“I wonder how it is that people's
philosophies have come to spin faster than the changing seasons.”
― Masanobu Fukuoka, The One-Straw Revolution
― Masanobu Fukuoka, The One-Straw Revolution
It is the first time since long I woke up with the uneasy
feeling. I tried to escape it by staying in the state between sleeping and
being awake but something was nibbling on my guts. A presentation tomorrow and
an exhibition on Saturday. Only two weeks left in Barcelona and then on the road
to do projects and attend meetings in 12 countries in the next 5 months. There
is a shipload of planning to do. Trains and planes and walks. What to bring.
What to store where. Meditations about skipping travelling fast through air
which involves even more complicated planning. Where to be when. What to do and
why.
When you don’t know the best thing is to sit still. So I sat
on my balcony and erased all the thinking. One thing came back in my mind.
Masanobu Fukuoka’s words. “The best planning is no planning”.
I almost forgot about the One Straw Revolution,
about “the Fukuoka Method”, a natural way of farming based on the recognition
of the complexity of living organisms that shape an ecosystem. Fukuoka saw
farming not just as a means of producing food but as an aesthetic and spiritual
approach to life, the ultimate goal of which was "the
cultivation and perfection of human beings". To grow people by growing
crops.

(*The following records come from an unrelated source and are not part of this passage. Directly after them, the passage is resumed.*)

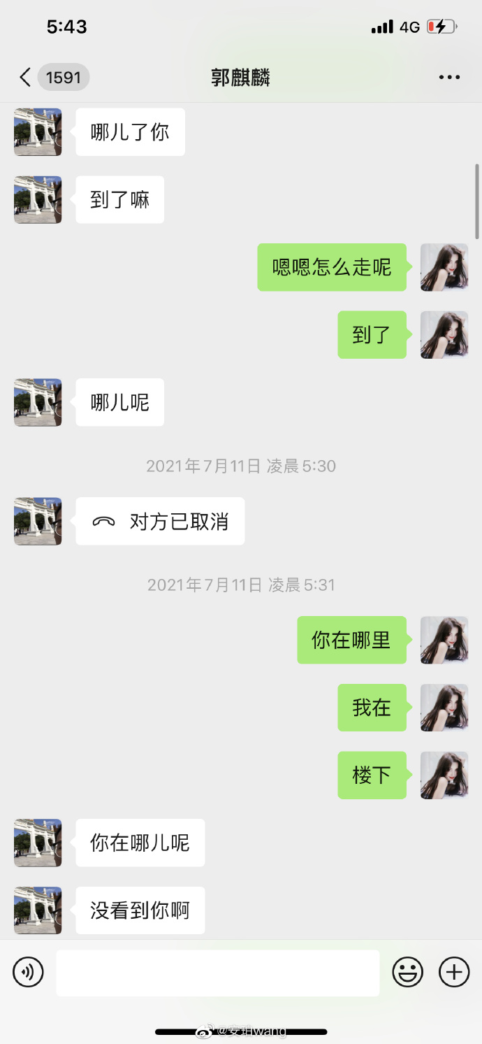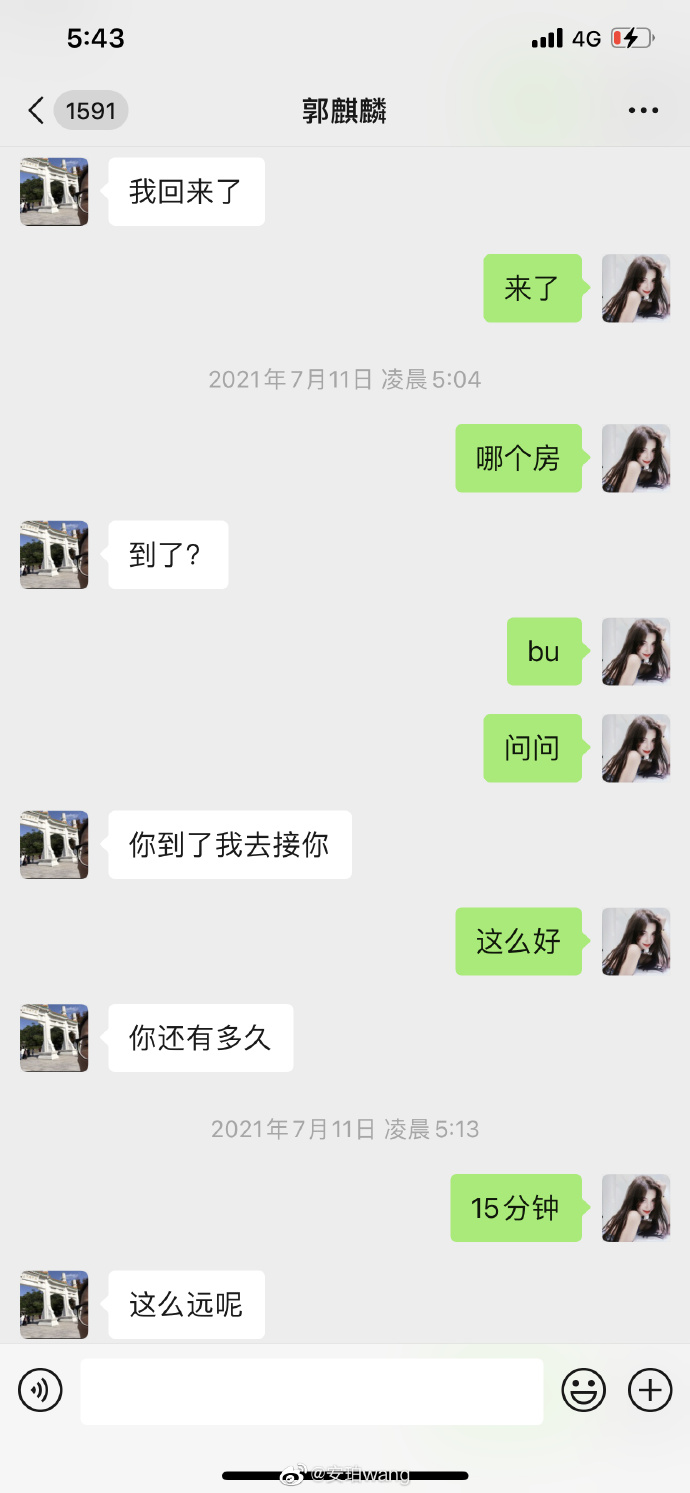 月18日,有一位名为“安珀wang”的女网红在社交平台上发文指控郭麒麟:“我说互删这位大哥不知道多开心,C完我不用敷衍我了哈哈哈”,并曝光了两人的聊天记录。
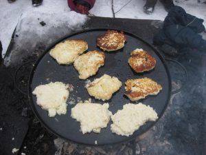 2. Smält smör i ett plättjärn och grädda plättarna ett par minuter på varje sida. Lägg dem på ett fat efter hand som de blir färdiga.
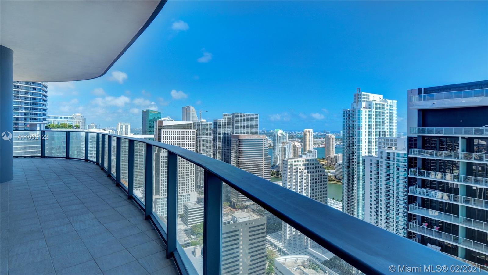 Beautiful corner unit located in the Brickell Flatiron. Located on the 49th floor, this unit has 2 beds/2.5 baths and a den with a panoramic view of the Miami skyline and bay. Italian porcelain tiles floors by Casalgrande Padan and 9 foot high ceilings. The kitchen features all Miele appliances and an island. Amenities include rooftop pool and spa, 6,300 Sq Ft gym with Pilates, Yoga, Aerobics Studio, and Juice Bar.
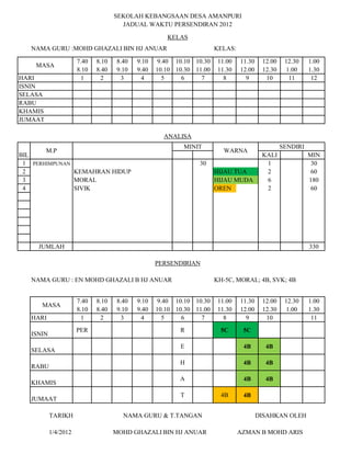 This document contains the schedule of independent study periods for teachers at Sekolah Kebangsaan Desa Amanpuri for 2012. It lists the name of teacher Mohd Ghazali bin Hj Anuar and his assignments to different classes during periods 1-12 on weekdays. It also includes an analysis of his total time spent on independent study which amounts to 330 minutes across various subjects like moral studies, civic studies and others. The schedule shows which classes he will teach independently during each time period on different days of the week.
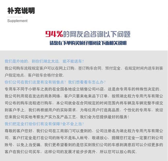 整車出具:正規底盤合格證、整車合格證、全國統一機動車上戶發票、隨車工具,車輛保修手冊、使用說明書、全國服務站名錄等。讓您上戶無優,方便、快捷、省心!
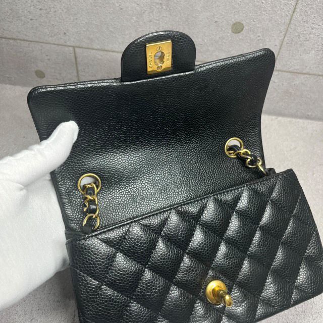Chanel Mini Rectangular Black Caviar Leather ze złotym okuciem. Seria 21 (2015-2016).
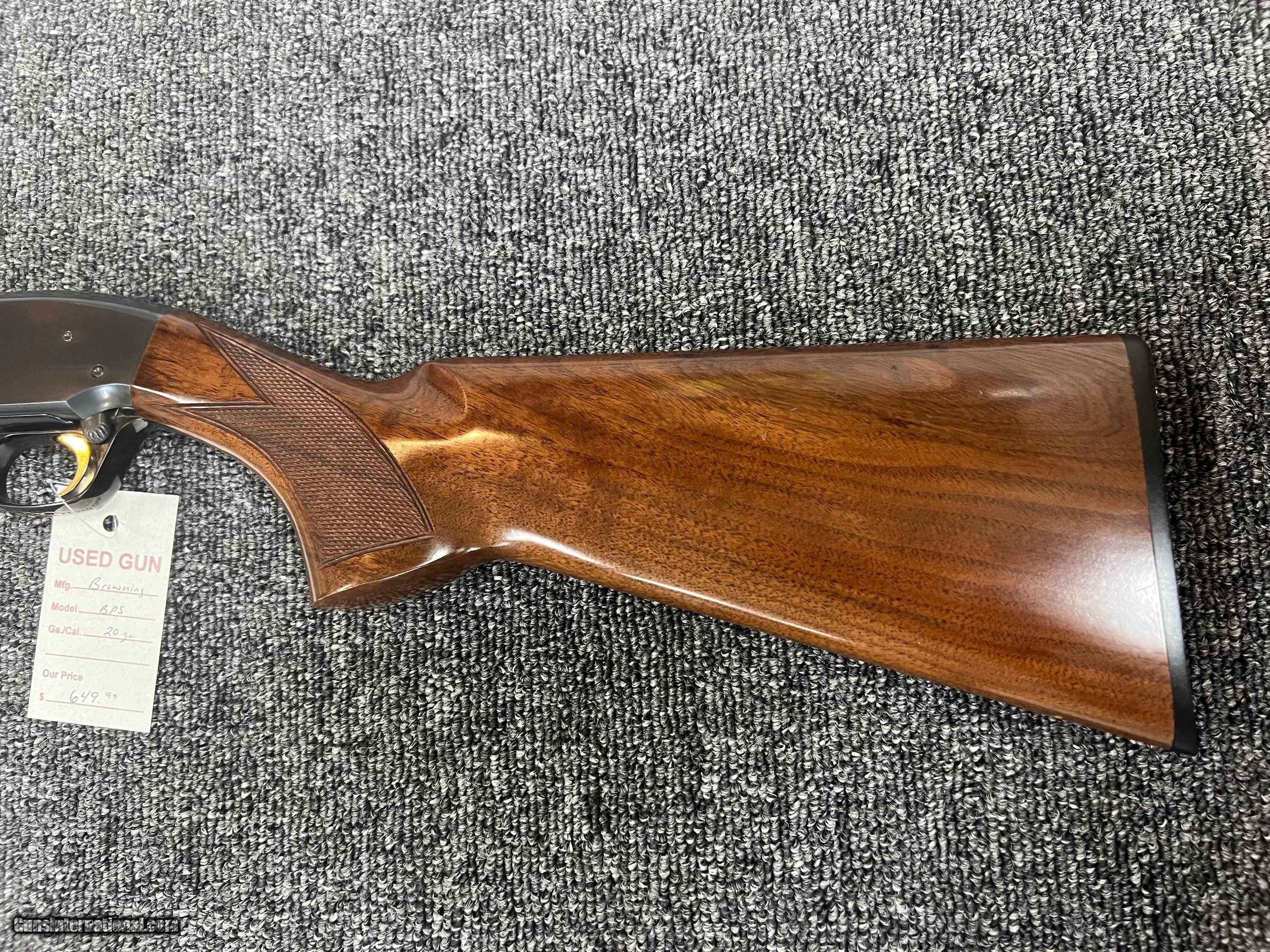 Description: Browning BPS 20ga pump shotgun. Has a 26" barrel with threaded tubes. Currently has a full choke tube in it. Metal in excellent condition. Has a few white specs on left side of receiver. Wood has one minor scratch on right side of stock and 3 dings on toe as pictured. $650...buyer pays shipping and insurance ***NO CREDIT CARD FEES*** SOLD Shotgun Gauge: 20 Gauge Manufacturer: Browning Model: BPS Barrel Length: 26” |
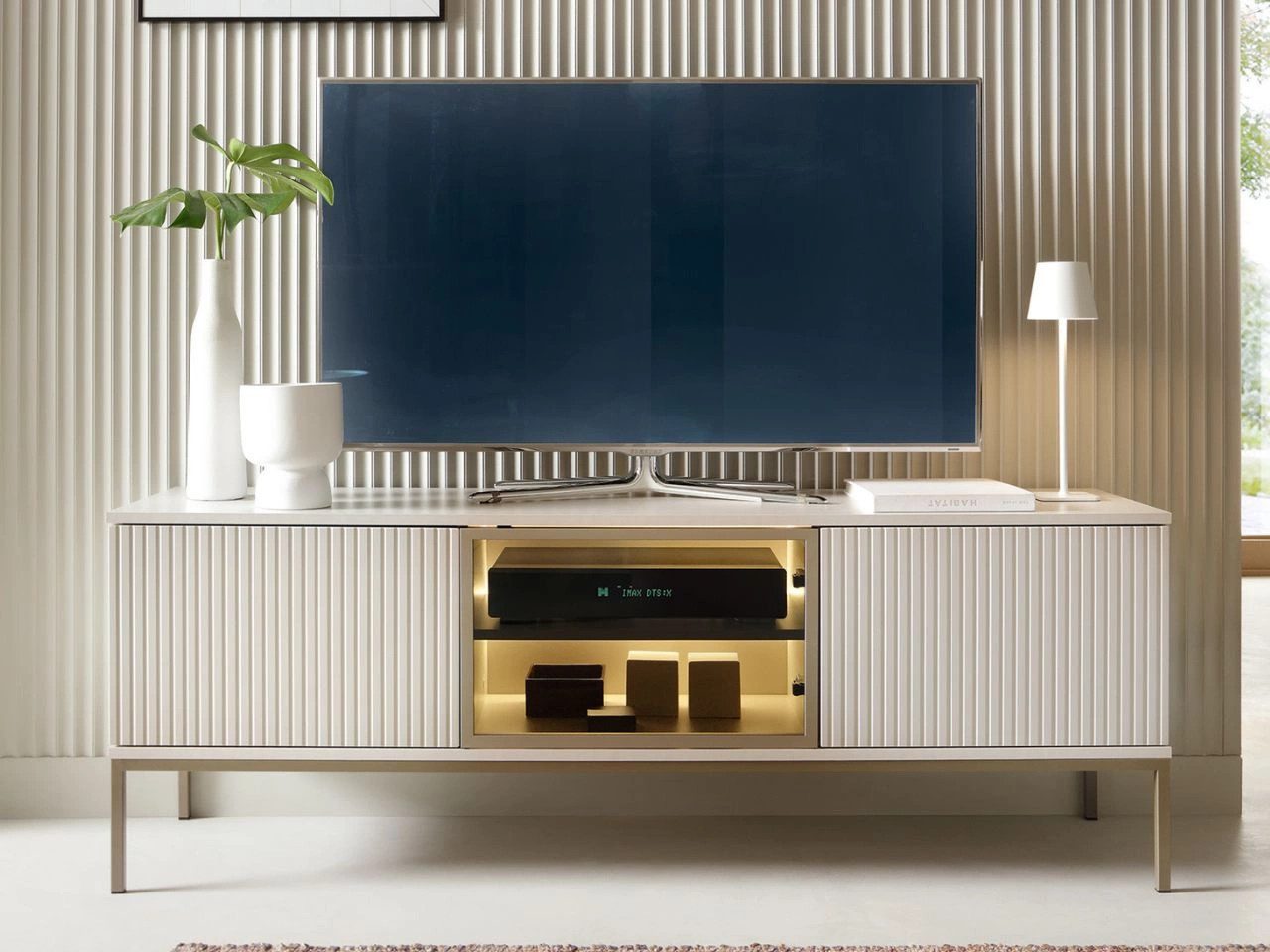 TV-Lowboard Deo – Kaschmir verbindet klaren Loft-Charme mit hoher Funktionalität. Drei Türen – eine davon mit gehärtetem Glas – bieten großzügigen Stauraum für Receiver, Konsolen und Zubehör.

To achieve the most by doing the least. By listening and observing. I want to grow things.
I forgot to be slow by being slow. I am running around to
plan opportunities to be slow.
I could plan being really slow from October on but who knows
if I am still alive by then? On the other hand: if I am not it doesn’t matter
what I did the five months before. As long as I enjoyed them.
Let’s see. First today. Then tomorrow.